1 Execution site(s)
Svitlana D. born in 1927, remembers: “I didn’t see the execution itself, but I came to that place afterwards to take a look. When we got there, we could see children’s hands and legs coming out of the ground. The pit was not covered well. Near the pit, there were piles of clothes and shoes. I think they were forced to undress before being killed. As far as I could determine, the pit measures about 10m long and it was not very deep. I know that afterwards, the prisoners of war were requisitioned to fill the pit in. ” (Witness n°1919, interviewed in Semenivka, on Ocotober 15, 2015)
The members of the SS Wiking division killed and burnt alive the villagers of Bolshye Lypniagy. […] They also killed and tortured to death 50 villagers of Semionovka […]” (Act of the Red Army Commission drawn up in Bolshye Lypniagy, on September 23, 1943: Red Army Archives: Fond 236, Opis 2675, Delo 42, p.247)
Semenivka is located on the banks of the Kryva Ruda River, about 134km (63miles) west of Poltava. The first known Jewish Community appeared in 19th century. According to the census in 1926, 443 Jews lived in Semenivka, which represented about 10% of the total population. The Jews in Semenivka were mostly artisans or worked in commerce. Some worked in the factories, such as the sugar factory. According to the witnesses interviewed by Yahad, there was a wooden synagogue in the village center before the war. On September 12, 1941, the German troops occupied the village.

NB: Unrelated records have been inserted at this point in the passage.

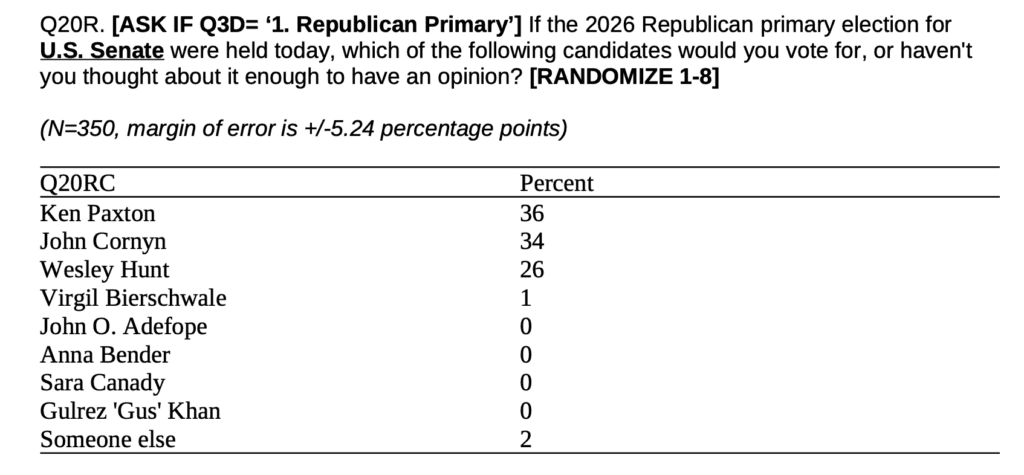 The Republican U.S. Senate primary also remains highly competitive. Attorney General Ken Paxton leads with 36 percent support, followed closely by U.S. Sen. John Cornyn at 34 percent and U.S. Rep. Wesley Hunt at 26 percent.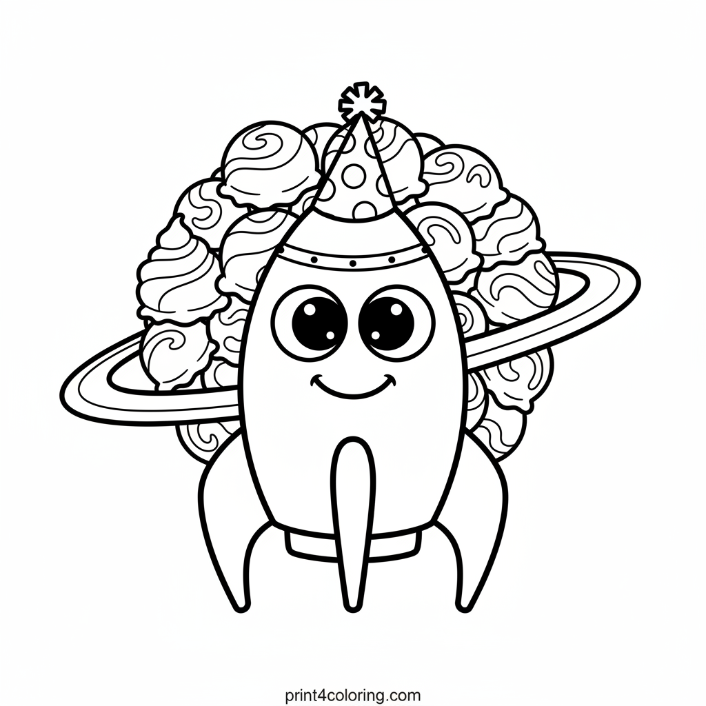 Join our goofy rocket, complete with googly eyes and a tiny party hat, on an incredible adventure! Watch as it zooms past a giant, swirly planet made entirely of delicious ice cream. This fun scene invites young artists to imagine a universe full of treats and exciting voyages. Get ready to color a cosmic feast!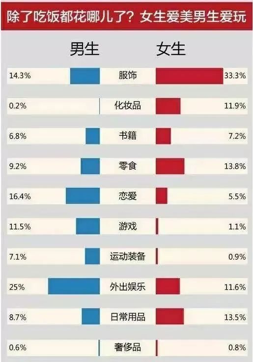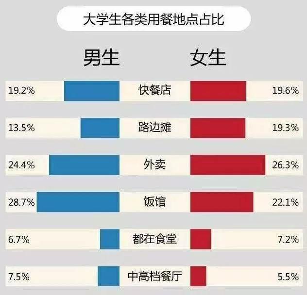 有网友总结了大学生日常支出占比,可以看到吃饭占了大头,除此之外还有娱乐、旅游、形象消费等等。如果恋爱了,也是一笔不小的开支。而在吃饭方面,男女选择用餐地点大有不同。

Little is known from the historical sources about the fate of the Jews in Semenivka. Thanks to Yahad’s fieldwork, we know that all the Jews as well as the communists were forced to register shortly after the Germans’ arrival. A special registration point was set up at the school. Once the Jews presented, themselves they were confined in the building. Those who didn’t show up on their own were taken by force in trucks by the policemen and the Germans. The execution took place in late fall behind the sugar factory. Before being killed, it is said that they were forced to undress. From the witnesses’ accounts, the children were not shot but thrown alive into the pit. The pit was covered afterwards by the prisoners of war. The prisoners of war camp was established on the territory of the sugar factory.